# Tablet for pax. Setup ideas?



## Iann (Oct 17, 2017)

I have a extra tablet that I would like to have in the backseat for the pax to use if needed. 

I've checked out a few apps and haven't found what I'm looking for. 

Tripcam seems like a good idea but really doesn't run well on my tablet. 

I Have seen some members on here where they have a tipping sign, music apps and other apps available. 

I don't want my Google account used like it would on the app store. 
Was thinking of downloading a few games, music app, news, YouTube/kids and any other ideas some might have. 

Not too tech savvy on this. 
Would it be best to create a guest account? 
Just don't want them being able to get into my settings or my info. 

Please help.


----------



## bm1320 (Sep 14, 2017)

For Select, Lux, Black maybe. If you're doing this on X you're an idiot.


----------



## Iann (Oct 17, 2017)

bm1320 said:


> For Select, Lux, Black maybe. If you're doing this on X you're an idiot.


You sir, win the D Bag of the day award. 
Besides your insults you didn't back up. I'm asking why would it make a difference on which ride it is?


----------



## RedANT (Aug 9, 2016)

Think about the people you pick up, then ask yourself whether or not you'd trust them ALL with your tablet. 

Personally speaking, there's isn't a chance in hell that I'd offer that convenience for X, but if that's your niche, I'd recommend just creating another Google account for that tablet.


----------



## cratter (Sep 16, 2017)

We all know the passengers have mini tablets (smartphones) in their pockets.
So what would they do with yours?
The only thing I can think would be to play music, and for that voice activation over Bluetooth is way better (alexa\siri).


----------



## grabby (Nov 5, 2017)

I have been trying to mount a 32" flat screen my backseat for the PAX, but having trouble getting nailed down tight


----------



## Over/Uber (Jan 2, 2017)

I’d skip it. They have their phones and can play/watch/do whatever they want in their account.

I don’t trust them with even an aux cord, let alone syncing their phone to my system.


----------



## SurginGeneral (Aug 9, 2017)

I use my tablet for myself mounted up front with me. Waze and U/L apps on phone, tablet running Google Maps in ‘Drive’ Mode for a better overview of traffic / streets. 

But I just do X/Lyft Classic.


----------



## Mars Troll Number 4 (Oct 30, 2015)

Bad idea bro...

Everything that isn't nailed down gets stolen eventually.

I have no faith in the human race, which is about as much as the public at large deserves.


----------



## Jay Dean (Apr 3, 2015)

I’m trying to imagine being a pax and seeing a tablet, I wouldn’t touch it myself because I have a phone that can do same thing, what would pax do with the tablet?


----------



## Alison Chains (Aug 18, 2017)

Over/Uber said:


> I'd skip it. They have their phones and can play/watch/do whatever they want in their account.
> 
> I don't trust them with even an aux cord, let alone syncing their phone to my system.

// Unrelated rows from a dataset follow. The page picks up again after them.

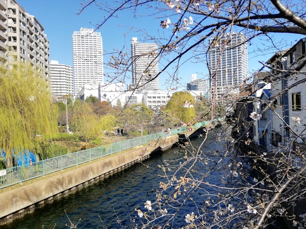 3/15の体験時は、佃の住吉神社の横の堀の桜はまだこんな感じでした。
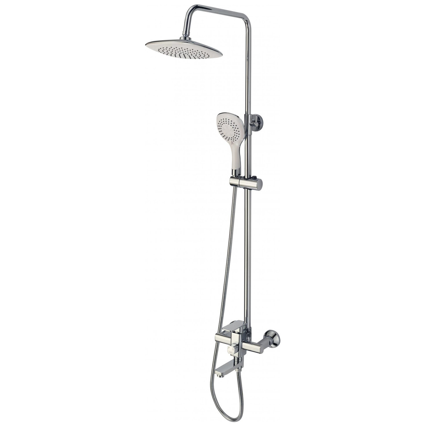 Комплектация: верхний душ, душевая штанга с держателем лейки, ручной душ, смеситель, шланг;
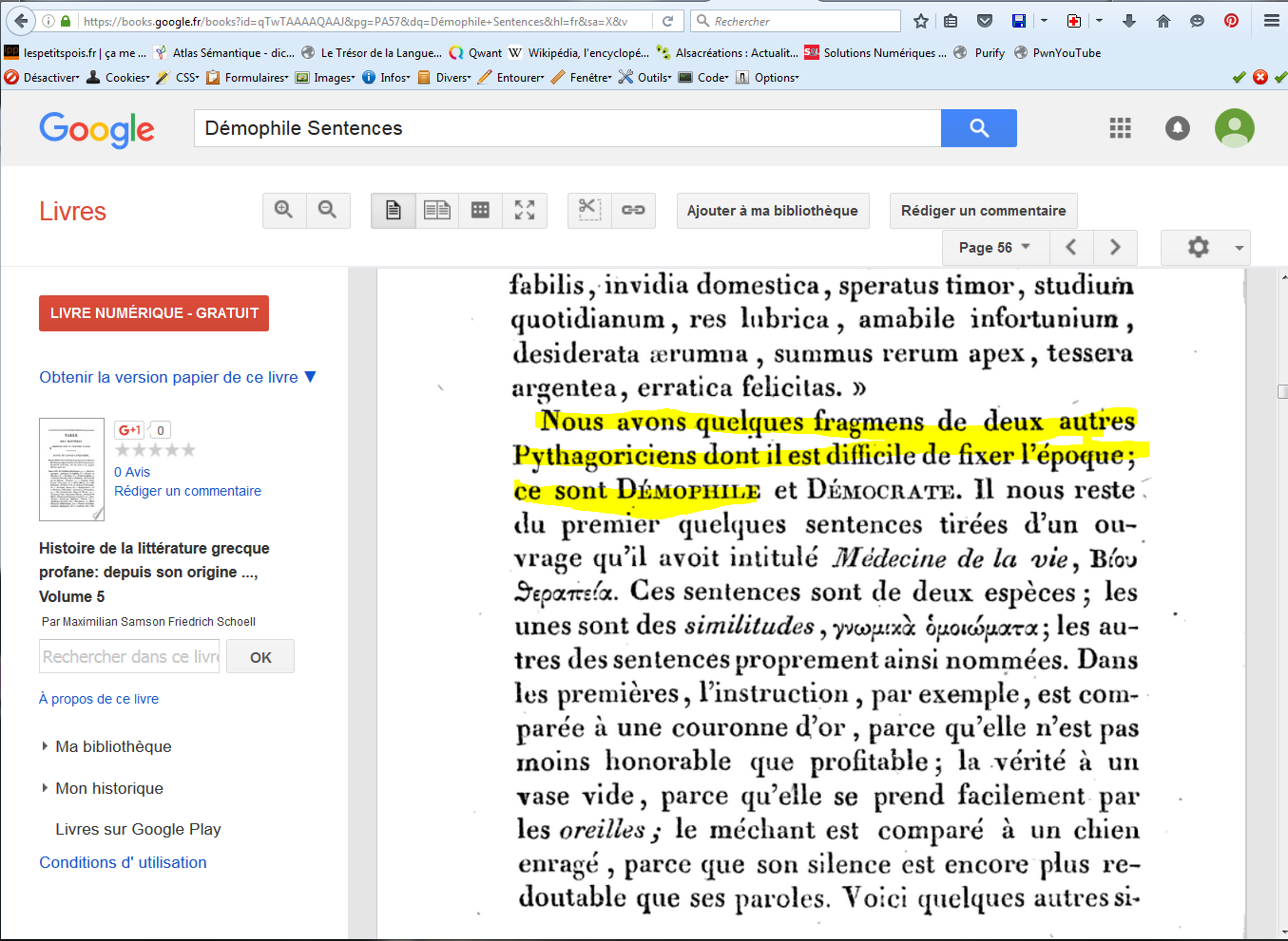 Sur les Sentences de Démophile Pytagoricien: Histoire de la littérature grecque profane: depuis son origine …, Volume 5 Par Maximilian Samson Friedrich Schoell
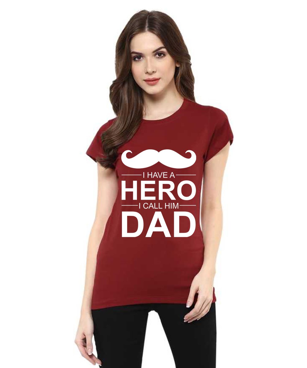Caseria Women's Cotton Biowash Graphic Printed Half Sleeve T-Shirt - My Hero - My Dad Pattern
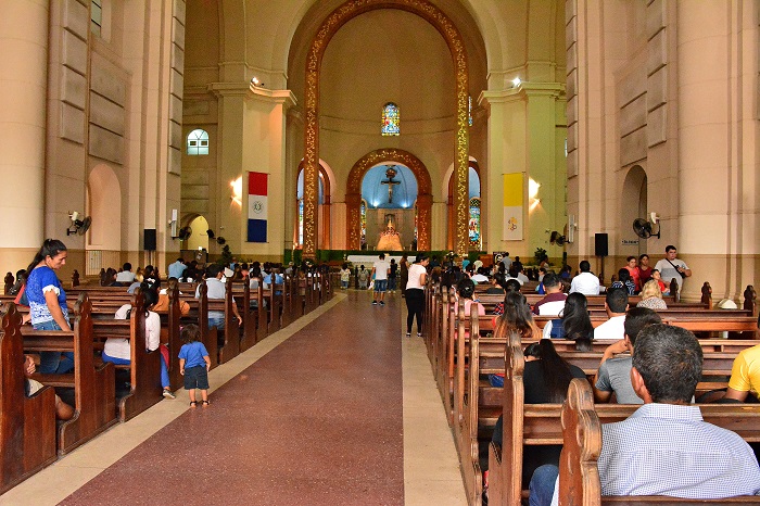 Importante cantidad de peregrinantes estaban dentro de la basílica rezando el santo rosario.

I concur. Now, if you really wanted to do it, it's trivial and advisable to set up a whole new Google account when you reset the tablet.

If I had that spare tablet (which I probably do) I'd secure it well and put on a slideshow with tipping reminders and pax etiquette lessons mixed with silly diversions like lolcats. I would not encourage people to actively use it.


----------



## Mars Troll Number 4 (Oct 30, 2015)

Alison Chains said:


> I concur. Now, if you really wanted to do it, it's trivial and advisable to set up a whole new Google account when you reset the tablet.
> 
> If I had that spare tablet (which I probably do) I'd secure it well and put on a slideshow with tipping reminders and pax etiquette lessons mixed with silly diversions like lolcats. I would not encourage people to actively use it.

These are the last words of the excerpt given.